@carmine yew The consistency with which the "sanguine" imagery is maintained through the poem is lovely ! I wonder if "began to seep" might make more sense than "began to creep" in the second stanza, considering that verb is closer to the action of a wound and would fit in nicely with your following simile "like blood that stains.."
#3: The Sanguine Betrayal
19 messages · Page 1 of 1 (latest)
WOWWW THANKS A LOT! This is actually the first actual feedback I've gotten on any poem, you do have a wonderful point. Thanks for pointing it out💛💛
What a lovely poem! Your meter is very good, it’s very satisfying to read aloud. I’ll need to reread it again a couple times to fully appreciate it haha my only note is that I feel the poem doesn’t progress or evolve very much. It’s repeats ideas i.e. stanza 2 “a trust betrayed” stanza 3 “dagger veiled in velvet lies” stanza 6 “betrayal’s art” Now there is nothing wrong with repeating ideas with different wording! I guess my note would just be that I’d be really interested to see what you can say about betrayal beyond just it bringing pain. Betrayal happens and thus “___” but if that is not the goal totally understandable, and again I really loved the poem, especially your meter and rhythm. Please tag me in any other poems you write I’d love to read them!
I see, a poem that evolves in idea does sound good as it entices the reader to guess what will happen, you do have a point with my repeating ideas. THANKS FOR THE INSIGHT and wonderful words, truly appreciated💛💛!
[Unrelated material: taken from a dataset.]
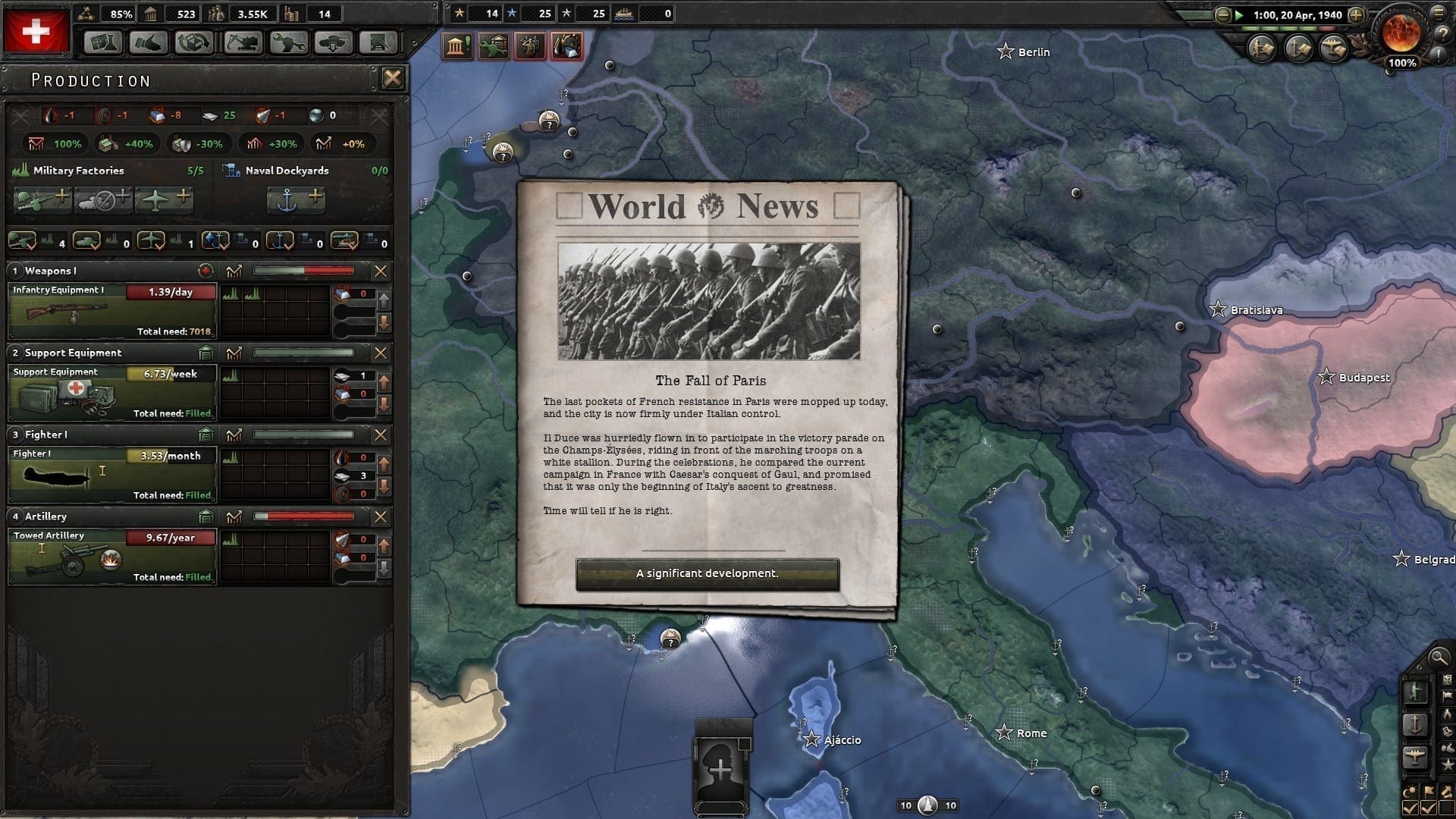 Soviel also zur neuen Einsteigerfreundlichkeit, Hearts of Iron ist und bleibt Hardcore Strategie.. trotz Alibi Tutorials und leichtem „Streamlining“ von Truppenverhalten-/befehligen sowie der vereinfachten Produktionskette.

No problem, excited to read more 🙂
be honestm you used chatgpt
@carmine yew
btw it is good, i guess you used it to reframe it, which is justifiable as the language is yours
it is indeed good
Hm? No I really do have an AABB style, father taught me to write strictly in that manner to practice
The ending line itself took me days to figure out😭😭
no, the wording looks too familiar
i don't object it, i indeed myself use it as sometimes i can't wrote a 7 pages long poem by myself completely
In what way? Maybe I could write less robotic, more emotions you mean?
Wonderful! @carmine yew has just pregressed to level 9!
I prefer to stay in beat and in a meter
no, the exact words, the point where new emotions are shown, they look too familiar
ig that's why
Ahhh I see, I’ll try to keep it varied then😭, it’s a compulsion of mine to keep it organized which makes me predictable huh. Appreciate to you pointing the similarities, thanks a lot homie.